Abdulwahab, who died in the blast, did not attract much attention in Luton, but he did alarm mosque elders with fiery rhetoric about what he believed was a concerted attack on Islam led by the US.
Farasat Latif, the mosque secretary, said on Tuesday that officials would have told police about Abdulwahab if he had shown signs of violence or instability.
“It’s a judgment call,” Latif said. “You have to give them space to express their views. We don’t stop people coming to our mosques because they have beliefs that are unsavory.”
He said mosque officials have to gauge an individual’s level of anger before reporting him or her to authorities.
“If they think it’s OK to kill individual civilians, you have to call the police,” he said. “But he never showed violent tendencies — just harsh criticism of the Muslim heads of states, like in Saudi Arabia and Egypt, for being too pally pally with the United States while America is decimating Iraq.”
Mosque officials say they confronted Abdulwahab about his views, prompting him to storm out of the mosque in anger several years ago, but they did not notify authorities.
There have been several terrorism arrests in Luton in recent years and on July 7, 2005, four bombers gathered there before taking a train to London and blowing themselves up on the transit system.

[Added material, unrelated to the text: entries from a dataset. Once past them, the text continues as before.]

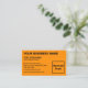 Left aligned style orange business card for your customers or clients to easily find your business address and contact information. Customise it by uploading your business logo, typing your business name, your name, your title, address, phone number, e-mail and website or social media page. Please check the appearance of the front and back sides after uploading logo and typing texts. If the appearance is pleasing to you, you can place your order now. If you need to resize or reposition the logo and texts, please adjust in the design tool. You can also change the background colour, font colour and font style in the design tool.
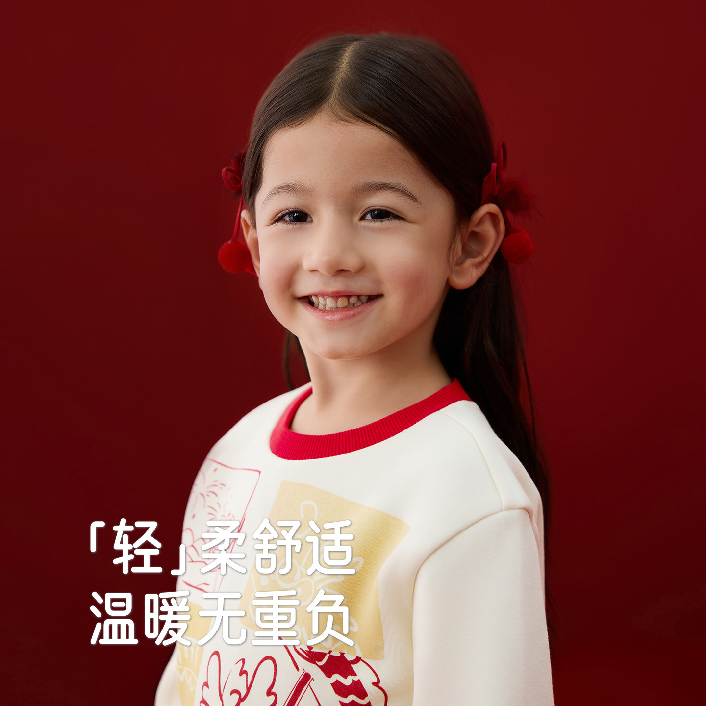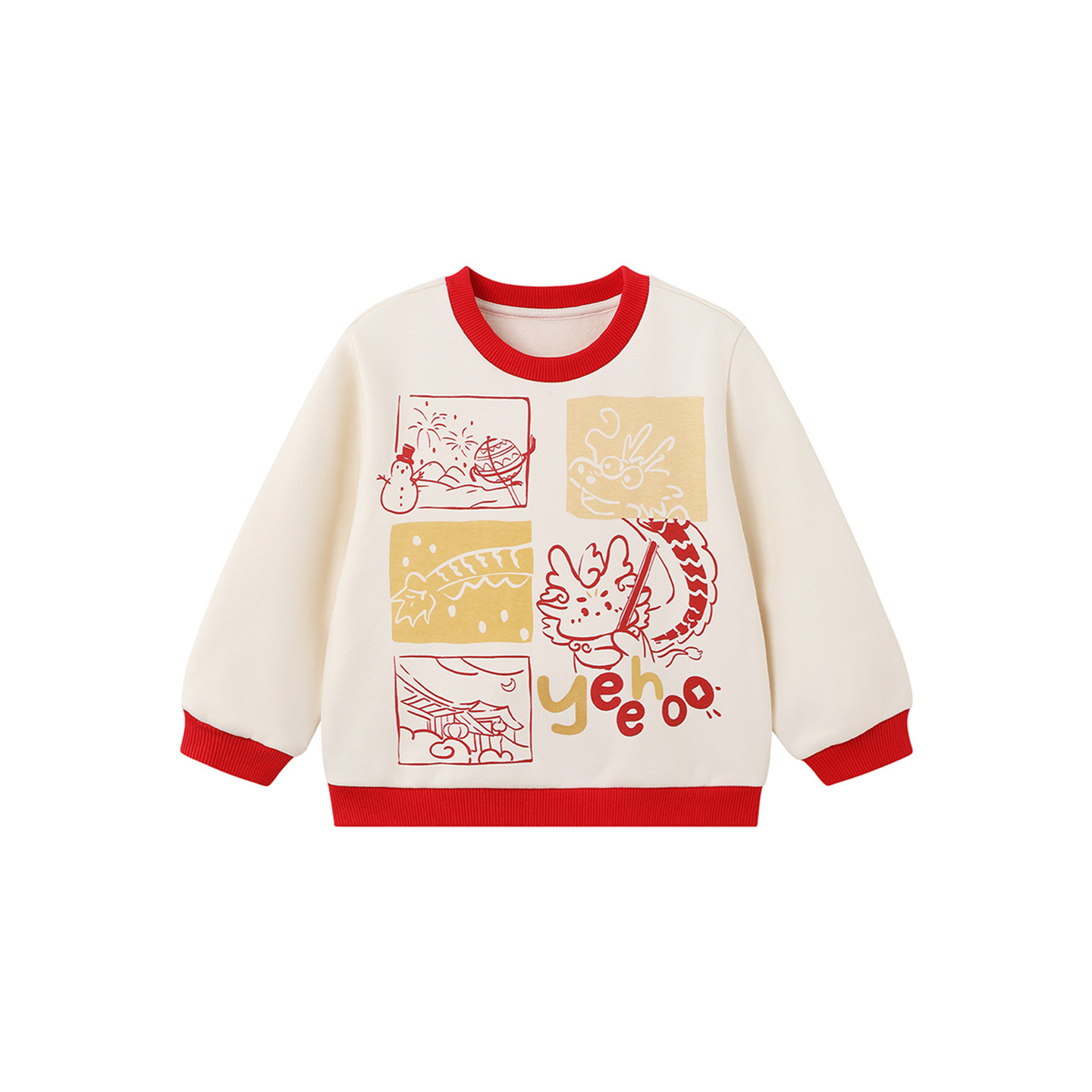 英氏儿童卫衣针织圆领男童女童春秋春季新款套头上衣新年红色喜庆
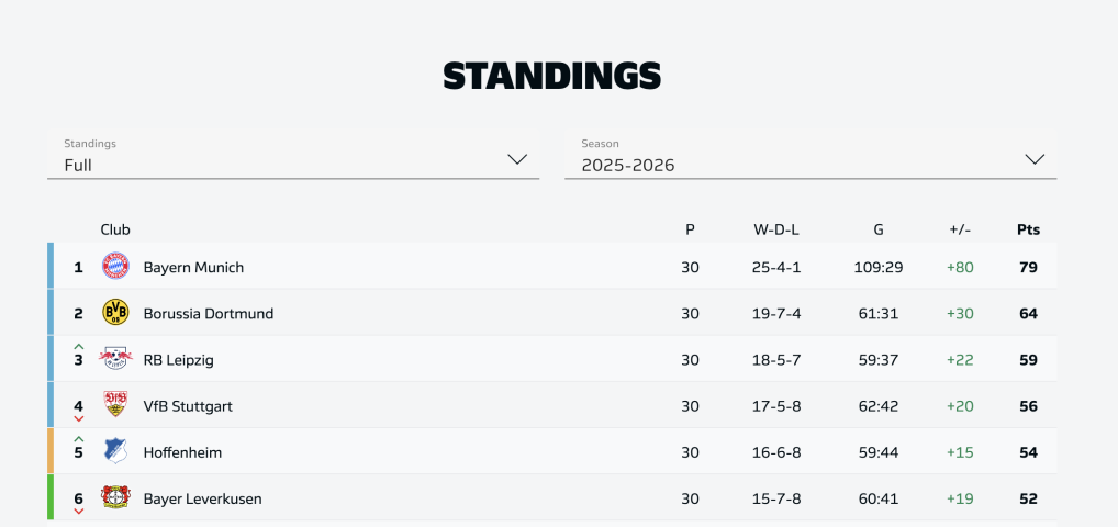 目前暂居联赛次席的多特蒙德已落后拜仁多达15分,在联赛还剩4轮的情况下彻底失去追赶希望,拜仁由此提前完成卫冕。与此同时,拜仁本赛季联赛进球数已达到109个,刷新德甲单赛季进球纪录。
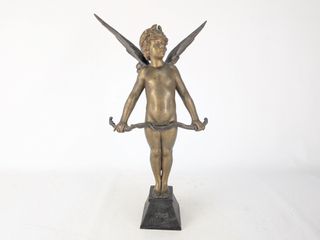 | #218 | Auguste MOREAU - Régule signé à patine de bronze circa 1890 représentant Cupidon, mesurant 17.5 pouces de hauteur avec estampe de la fabrique de Paris.
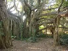 Other significant gardens include the lower gardens with the mature mango orchard; the arid garden; the pinetum with mature stands of Kauri, Radiata and hoop pines; the outer gardens figs (Ficus hillii) with associated ginger underplantings and water course; the zoological gardens and picnic area associated with the Murray Lagoon.[1]
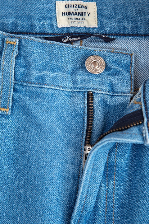 Винтажные женские джинсы расклешенного от колена кроя длины 7/8 из весенне-летней коллекции Citizens of Humanity созданы из равномерно окрашенного плотного хлопкового денима в ярко-голубом оттенке. Декор нижних кромок бахромой и прострочка швов нитями табачного тона придают модели аутентичное настроение эпохи стиля ретро, а выверенный крой формирует гармоничный силуэт. Изделие с классическими пятью карманами и застежкой на молнию и пуговицу.
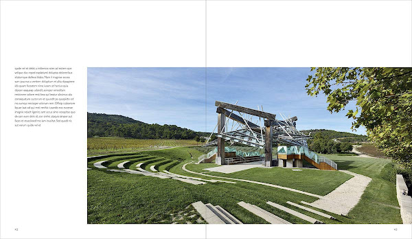 Château La Coste: Art and Architecture in ProvenceRobert Ivy, Alistair Hicks; photographs by Alan KarchmerMerrell Publishers, September 2020Hardcover | Page Size inches | 256 pages | 180 illustrations | English | ISBN: 978-1858946818 | $70.00PUBLISHER'S DESCRIPTION: Château La Coste, near Aix-en-Provence, is a unique property that features sculptural artworks by leading contemporary artists alongside works by some of the world’s best-known architects, all within the grounds of a working organic vineyard. Since 2002 the estate, which occupies an ancient site, has been transformed into a remarkable plein-air museum, and the number of installations – most created in situ, especially for this location – grows every year. In this stunning new book, Robert Ivy and Alistair Hicks explore each artwork and structure in depth. Their insightful commentaries are accompanied by specially commissioned images by the acclaimed architectural photographer Alan Karchmer. Ivy's introduction outlines the creation of the property by its owner, Patrick McKillen, and thereafter the book takes the form of a walk through the domaine, so that the reader is able to experience Château La Coste as a visitor would, from Tadao Ando’s minimalist concrete gate – an emphatic statement of modernity in the landscape – to Jean-Michel Wilmotte’s repurposed exhibition space, the Old Winestore Gallery. Throughout the pages, the reader is transported to idyllic Provence, to this enthralling, varied collection of art and architecture. Robert Ivy, FAIA, is an author, editor, architect and association executive. For more than fourteen years, he was Editor-in-Chief of one of the world's most widely disseminated and admired architectural publications, Architectural Record. Alistair Hicks is the author of The Global Art (2014), a survey of twenty-first-century art. For eighteen years, he was the Senior Curator at Deutsche Bank. REFERRAL LINKS: dDAB COMMENTARY: In the first paragraph of his opening essay, Robert Ivy describes Château La Coste, the collection of art and architecture outside of Aix-en-Provence, as "primarily experiential, a collection of real-life encounters in a virtual age." While that sentiment can be applied to pretty much all artworks, especially large-scale art en plein-air, as well as buildings and landscapes, explicitly stating it in regards to Château La Coste makes me wonder where the value of this book lies. If it's necessary to experience the buildings and sculptures situated next to the vineyards to appreciate them fully, then this book is ideally a souvenir for people who have visited and taken the Art & Architecture Walk. For those who haven't been, like myself, the coffee table book is therefore an invitation to go. (Like many cultural attractions, in Europe and elsewhere, Château La Coste is currently closed.) Before flipping through Château La Coste: Art and Architecture in Provence, I knew a small amount about a couple of its architectural pieces: the Music Pavilion (2008) designed by Frank Gehry (first spread below) and the Art Centre (2011) designed by Tadao Ando. But with 43 works in the book — 23 of them art artworks described by Alistair Hicks and 20 of them are architectural works with Robert Ivy's descriptions — I was surprised many times throughout. Ando, for one, has contributed other pieces, including an entrance Gate, a Chapel, a Pavilion ("Four Cubes to Contemplate Our Environment"), and some benches, most of them also completed in 2011. There are also buildings by Jean Nouvel (Wineries, 2008) and Renzo Piano (Exhibition Pavilion, 2017), a few Jean Prouvé demountable structures, and some artworks that are highly architectural in nature, such as Andy Goldsworthy's Gold Room (2009), Per Kirkeby's Brick Labyrinth (2018), Liam Gillick's Multiplied Resistance Screened (2010), and Daniel Buren's Une pause colorée (2014). Patrick McKillen, who created Château La Coste and invites the artists and architects to contribute to it, clearly has a good eye, as well as a beautiful piece of land. With the book ordered according to the geography of the many-acre landscape and the route of the Art & Architecture Walk, I pined for a map or aerial keyed to the 43 works documented in words and images. Alas there is none, though there are a few aerial views inserted sporadically throughout the book. But without labels they are not as helpful as this aerial drawing on the Château La Coste website. So sans a solid illustration for orienting oneself in the landscape from a distance, it's Alan Karchmer's photographs that come to the fore as the primary means of conveying the experiential qualities of the place. They pair well with the words of Ivy and Hicks, especially when they transport us to the place, like when Hicks describes the "earthy smell" of Goldsworthy's Oak Room. The photos are beautiful, I'll admit, and they do their part in making me want to visit Provence at some point in my life, to walk among McKillen's
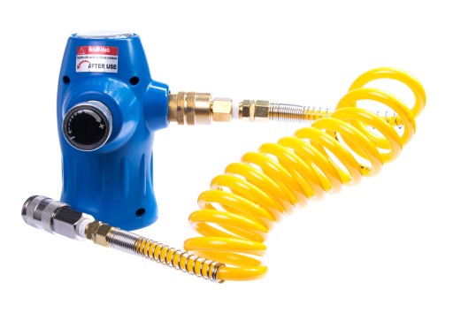 Набір додатково оснащений спіральним кабелем для підключення пневматичних інструментів. Виготовлений з м'якого поліуретану, стійкого до стирання та згинання. Кабель оснащений універсальним швидким роз'ємом, який підтримує три типи вилок:

Last year, Luton was the site of a small, but widely covered protest in which a handful of Islamists picketed a homecoming parade for British soldiers returning from Iraq.
It also has been targeted for demonstrations by the English Defense League, a far-right group that claims to oppose Islamic extremism, but is accused by opponents of being racist.
Abdulwahab, a 28-year-old Swede of Iraqi origin, lived in a predominantly Muslim neighborhood with his wife and three children.
“I might have seen him once or twice, but I didn’t know him,” said Rafique Ali, a 43-year-old former youth worker who lives one block away. “But things have changed here. There is a lot of anger and a lot of people with a chip on their shoulder.”
Inspire FM, the local station favored by the Muslim community, has been overwhelmed by callers worried that the latest attack in Sweden is further dividing Luton, where a number of interfaith community groups are trying to keep tensions under control.
“People have been working hard to build bridges and then one individual does this and it all goes down the drain,” said Faiz Nabi, a station manager. “A lot of people are ringing in to say he wasn’t part of our community and didn’t represent our views. Of all the places in the world, it had to be Luton.”